Aid Group Returns to Afghanistan

It's important because looting is taking place in most of our offices, both under the Taliban and the Northern Alliance. Some of the supplies and medical supplies have been taken. And some of the clinics and hospitals were running out of supplies. So I think our return is timely. The past 24 hours have been reasonably calm.

We visited hospitals in Mazar-e-Sharif and we assessed the needs. Clearly, there's going to be a need for supplies in the coming days, and we have them on the way.

I think our major concern would be nutrition. There's been three years of drought in the north of Afghanistan and over 20 years of fighting, and people are really reaching the end of their coping mechanisms. Our major concern is the situation in the countryside, which is harder to reach. And this is our objective for the next few days. So I would say food is clearly a priority.

After the U.S. strikes began, a lot of the medical care was provided by Afghan doctors and nurses. But they need foreign assistance in terms of medical supplies, as well as for their salaries to be paid. The Afghans have been able to carry out a lot of MSF's work, in spite of ongoing looting. They really have done a fantastic job.

We’ll Be Back to Pre-Attack Status Soon

We've got experience of working in this kind of area and of having to leave because of security reasons and then coming back very quickly. I think it's going to go very quickly — maybe a week, 10 days, maximum two weeks we'll be up to the level of support we were providing before the strikes began.

The second task will be to see if we can expand our relief sites into areas previously inaccessible due to the civil war. We hope to return to the center of the country, in Hazarajat, for example.

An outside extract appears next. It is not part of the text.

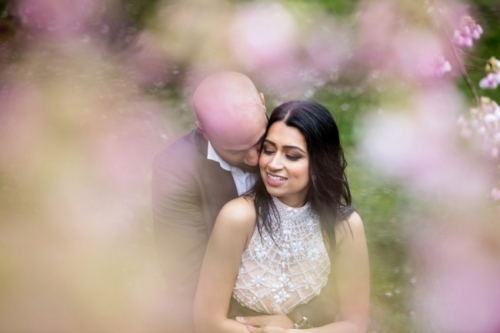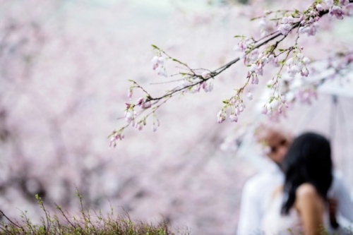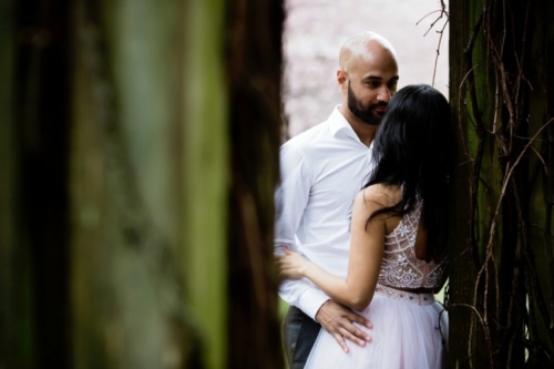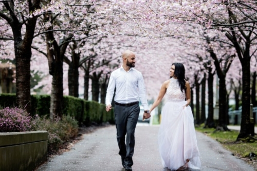 We don’t feature many engagement shoots these days, but simply had to make an exception for the very talented ladies from Karizma Photography out of our hometown Vancouver, Canada. We absolutely love the visually striking photography angles, refreshing and rainy cherry blossoms, and the cute couple in today’s engagement shoot! Photographer’s Remarks: “They say that falling in love is a lot like predicting the weather. You can have a good feeling but it won’t always be right. This certainly was not the forecast for Esma and Robby. Their Story “They met during their jobs when Rob, a police officer, came to Esma’s bank to investigate a fraudulent check. From there, sparks few and on December 24th, Esma awoke to the proposal she’d been waiting for. Engagement Shoot Idea “Since the proposal, they knew they wanted an engagement session that featured the incredible cherry blossoms in Vancouver. However, Mother Nature wasn’t going to make this easy for them. Historically speaking, this March was one of the gloomiest March months on record since 1951. That doesn’t make anyone’s life easy-especially not a photographer! Cherry Blossoms Galore “In response to this cold and wet weather, it was a gamble whether the cherry blossoms would be blooming when the shoot was scheduled since it had been planned so far in advance. Yet luck was on our side this day, and oh, how amazing these images turned out. It was still wet and rainy, but we captured all of the glory of this incredible and amazing place with cherry blossoms blooming in the background. “Esma and Rob had fun playing with the umbrella, snuggling under it to fend off the stray raindrops, and these two looked astounding with the glossy cement and the bright cherry blossoms. ‘Through wind and rain, love will endure’, and this is so true for Esma and Rob. These two are so happy to be together that they probably would have been just as amazing in the pouring rain, but this is a testament to their special bond and that they would literally stand through any element to be together.”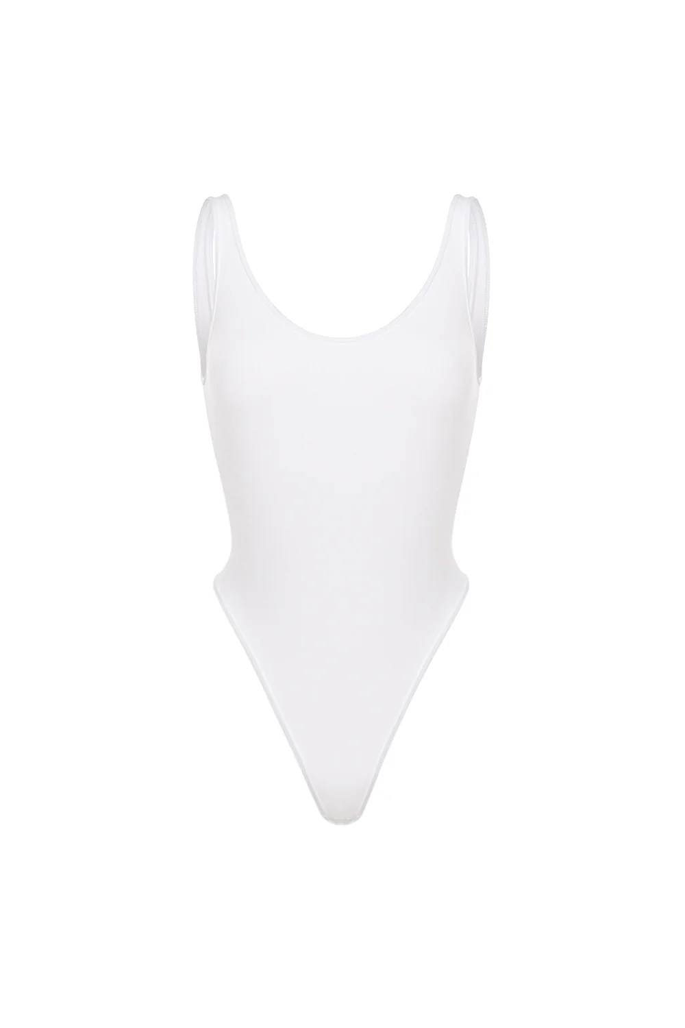A smooth weave bodysuit with straps and a deep cutout on the back.

We haven't been able to work there for a number of years, and we certainly expect to find major needs there.

Help from Neighboring Countries Crucial

It would certainly be helpful if countries north of Afghanistan — Uzbekistan, Tajikistan — facilitated the humanitarian assistance by opening their borders and streamlining their bureaucratic procedures with visas. It seems ridiculous, but that's what's really slowing down a lot of the aid efforts. It's not so much security. One of the things that took us so long to get here was the bureaucracy and the red tape of many of the countries of Central Asia. It took us more than a two-day drive just to get to Mazar-e-Sharif. If the Uzbek border were open, we could have been here in an hour and a half.

We've been in daily contact with governments of all these neighboring countries in the north to facilitate. And it's still taking a long time to get things done. We're lobbying for greater assistance, but without a huge amount of success for the moment.